Geothermal power holds tremendous promise as a source of renewable baseload electricity.  Currently accounting for more than 11 GW of installed capacity globally, or just 0.2% of the global installed base of renewable generation, geothermal power remains a vastly underdeveloped resource.

Two of the key barriers to more extensive development are long development timelines and substantial upfront capital requirements.  Initial scouting of potential sites for geothermal power development typically requires geophysicists to lug heavy backpacks full of equipment to survey vast swaths of remote landscape.  More promising sites are often surveyed by aircraft as well.  According to researchers utilizing drones for surveys, “Unmanned aircraft are ideal for scientific surveys because they can fly much lower than would be safe for piloted craft and are much cheaper to operate.”

Already used overseas in agriculture, drones also have the potential to improve economics across the bioenergy supply chain.

In Louisiana, drones are being used to monitor the health of sugarcane fields, collecting data at the individual plant level.  Close monitoring of individual crops is typically achieved by farmers physically inspecting their fields, a costly and labor-intensive undertaking.  Traditional airplanes are unable to capture data at the same level of detail.

Workhorse of Smart Energy

Borrowing from Amazon’s vision, drones may also have the potential to collect, move, and aggregate biomass materials, slashing one of the more significant (and often prohibitive) cost drivers for bioenergy.  With agricultural feedstocks used to make biofuels (e.g., cellulosic biomass to ethanol) typically representing 75% to 85% of the finished fuel cost – due in part to the manpower required to aggregate and collect the material – the use of drones could help overcome a challenging hurdle to more widespread commercialization of alternative fuels.

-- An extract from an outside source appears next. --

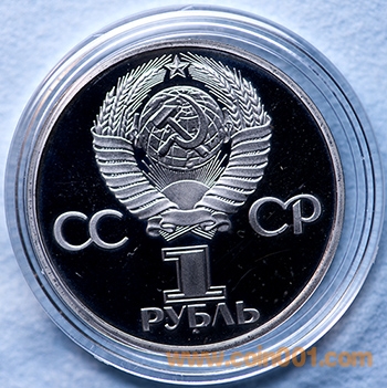 正面:國徽,周圍是50年,蘇維埃,政權(quán)字樣.意為10月革命勝利50周年或蘇維埃建政50年.底下是1盧布,和第一枚同樣,1沒用阿拉伯?dāng)?shù)字,也找不到發(fā)行年份.不過此幣是成套發(fā)行,在小面額幣上有1917-1967字樣.
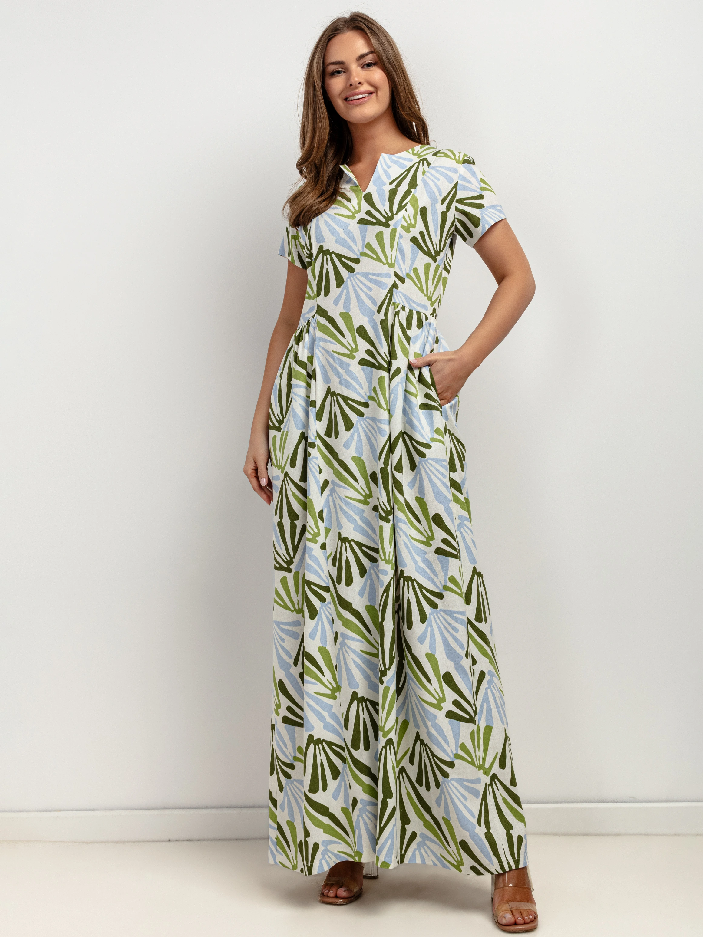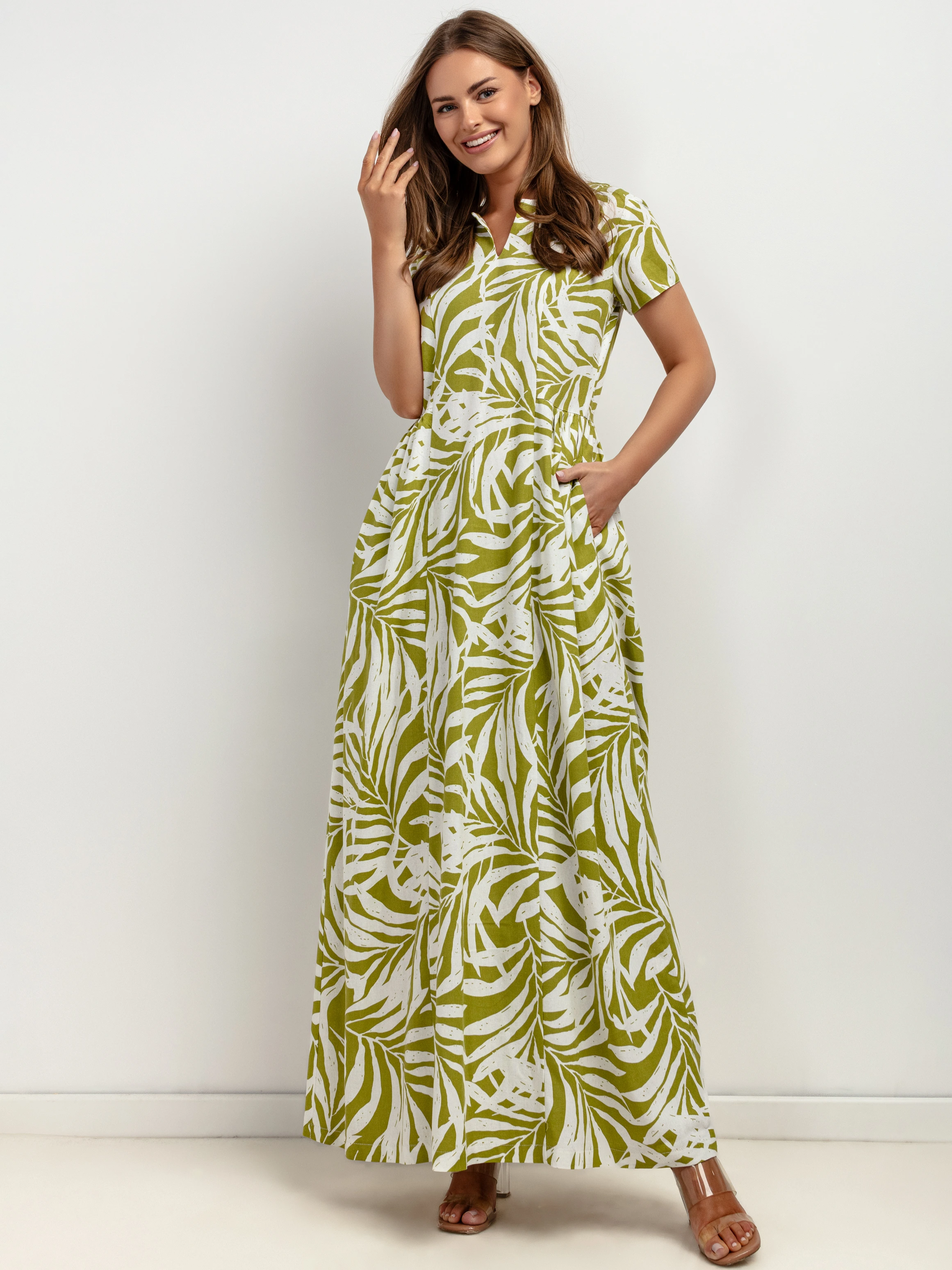 Sukienka maxi z kołnierzykiem i kieszeniami

Google is among those companies taking notice of the cleantech drone phenomenon, having bought a slew of robotics companies in recent years.  Included in its portfolio of acquisitions is Makani Power, a renewable energy technology innovator aiming to disrupt the traditional wind turbine market by deploying high-flying autonomous wind turbines.  Makani has designed its drone kites to automatically take off and adjust themselves to the windstream to maximize energy production.

So-called “RoboBees” – developed at Harvard’s School of Engineering and Applied Science –demonstrate the confluence of drones and clean technology.  Designed to behave like a swarm of bees to carry out search and rescue operations or artificial pollination, the RoboBees’ need for high energy density power sources to sustain extended flight remains a key limitation to their use.  Advances in battery technologies could one day provide a compact enough power load that could extend flight times for both RoboBees and other drone hardware.

While 2014 is unlikely to be the year drones disrupt cleantech, the profusion of applications across the smart energy landscape suggests we’re just beginning to scratch the surface of their potential.